Now let's practice with some exercises to reinforce what you've learned.

### 🥊 Challenge 1: Customer Order Analysis

Write a query that shows for each customer:
- Their company name
- Total number of orders they've placed
- Their average order value
- The date of their most recent order
- The value of their most recent order
- The difference between their most recent order value and their average order value

In [None]:
%%sql
-- Your solution here

### 🥊 Challenge 2: Employee Performance Comparison

Create a query that shows, for each employee:
- Their full name (FirstName + LastName)
- The number of orders they've processed in each month of 1997
- The total number of orders processed by all employees in each month
- The percentage of total orders they processed that month
- Their rank in terms of order count for each month

In [None]:
%%sql
-- Your solution here

### 🥊 Challenge 3: Product Sales Analysis

Write a query that identifies products with consistently increasing or decreasing sales over three consecutive months in 1997. For each product, show:
- The product name
- The three consecutive months
- The quantity sold in each month
- Whether sales are 'Increasing', 'Decreasing', or 'Fluctuating'

In [None]:
%%sql
-- Your solution here

## Conclusion

In this notebook, we've introduced window functions and explored their power for advanced SQL analysis.
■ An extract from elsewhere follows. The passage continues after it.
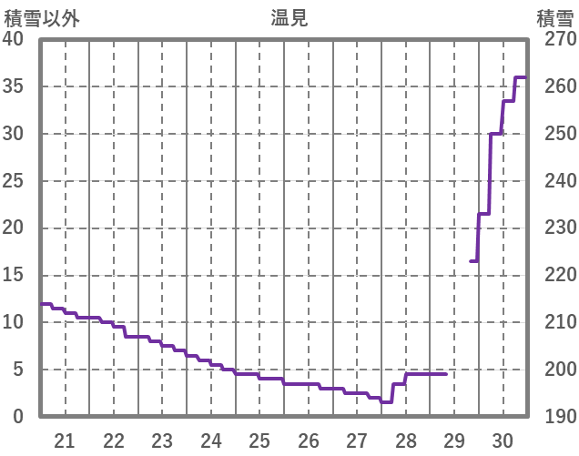 | 日 | 時 | 気温 | 降水 | 風向/風速 | 日照 | 積雪 | 降雪 |
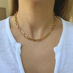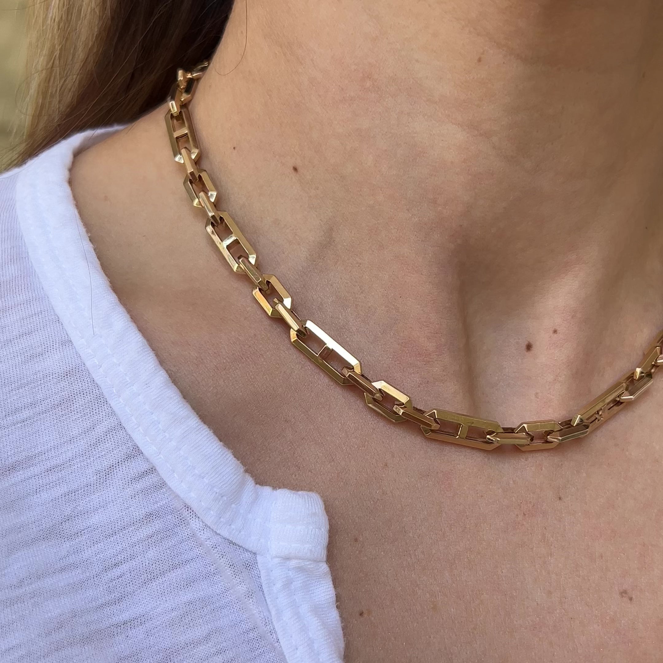 Our unique twist on a link necklace that is luxuriously bold and surely will be your new favorite statement piece. Our Beveled Link Statement Chain Necklace's masterfully faceted links produce stunning sparkle and major 14K Gold shine. Pairs beautifully with our Beveled Link Statement Chain Bracelet and any of your Babygold favorites!

Window functions allow you to:

- Perform calculations across specified sets of rows
- Maintain all individual rows while adding aggregated information
- Create running totals, moving averages, and other sequential analyses
- Rank and compare items within groups
- Analyze trends and patterns in your data more effectively

In the next notebook, we'll dive deeper into advanced window function techniques and real-world applications.